God Hates Haiti (II)

After Pat Robertson does what crazy mentalists do, journalist Lisa Miller responded, pointing out that Haiti is “surely a Job among nations” (Why God Hates Haiti, Newsweek, January 15, 2010). After listing the appalling conditions Haitians endure and the recent series of (quasi-)natural disasters that preceded this latest devastating earthquake, Miller writes: “This litany doesn’t even touch on Haiti’s disastrous political history, most notably the reign of François (Papa Doc) Duvalier, who assassinated and tortured more than 30,000 in the 1960s.”

The Duvalier dynasty (Papa Doc later being joined by his son Baby Doc) was established in 1957, and lasted three decades. It enjoyed US support, and US elites have profited massively from Haiti’s impoverishment. This, along with the centuries of imperialist domination of the peoples of Hispaniola (Haiti and the Dominican Republic) is not touched on in Miller’s response to Robertson’s idiocy.

At least Pontius Pilate had the decency to wash his hands in acknowledgment of his crimes.

See also : Our Role in Haiti’s Plight, Peter Hallward, MRZine, January 16, 2010 | Haiti: Fast Facts from UNICEF.

Miami Autonomy & Solidarity / Miami Autonomía y Solidaridad / Miaymi Otonomi ak Solidarite has issued a Call for Solidarity and Funds for the Working People of Haiti! by way of Batay Ourviye.

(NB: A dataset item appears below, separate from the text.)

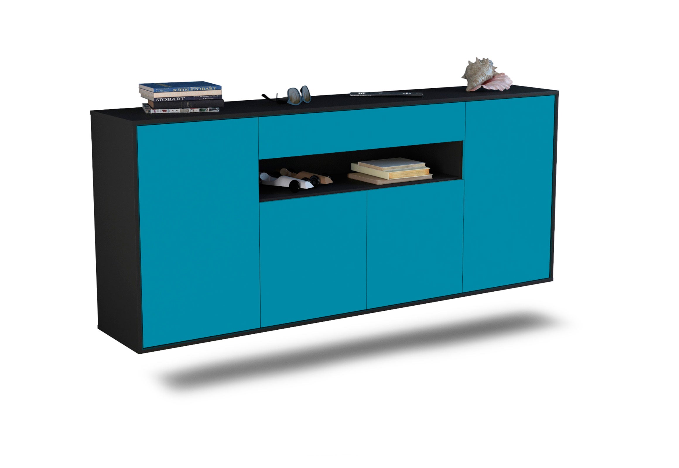 Dieses Sideboard hat Gesamt-Maße von 180x79x35cm. Viel Platz, eine leere Wand, kein passendes Möbelstück? Unsere 1,80 m lange Kommode ist die perfekte Lösung! Die Frontfarbe im freundlichen Lagunenblau bringt das schöne Wetter in jedes Zuhause. Das intensive Türkis erinnert an die Karibik und schafft tagtägich einen zusätzlichen Erhoungsfaktor. Der anthrazit-matte Korpus harmoniert mit allen Farben und wirkt besonders edel im Kontrast zu hellen Wänden.

U.S. relations with Haiti are not a thing of yesterday, and show no sign of fundamental change. They go back 200 years, to the days when the Republic that had just won its independence from Britain joined the imperial powers in their campaign to quell Haiti’s slave rebellion by violence. When the rebellion nevertheless succeeded, the U.S. exceeded all others in the harshness of its reaction, refusing to recognize Haiti until 1862, in the context of the American civil war. At that moment, Haiti was important for its strategic location and as a possible dumping ground for freed slaves; Liberia was recognized in the same year, for the same reasons. Haiti then became a plaything for U.S.-European power politics, with numerous U.S. interventions culminating in Woodrow Wilson’s invasion of Haiti and the Dominican Republic, where his warriors — as viciously racist as the Administration in Washington — murdered and destroyed, reinstituted virtual slavery, dismantled the constitutional system because the backward Haitians could not see the merits of turning their country into a U.S. plantation, and established the National Guards that held both countries in their grip after the Marines finally left.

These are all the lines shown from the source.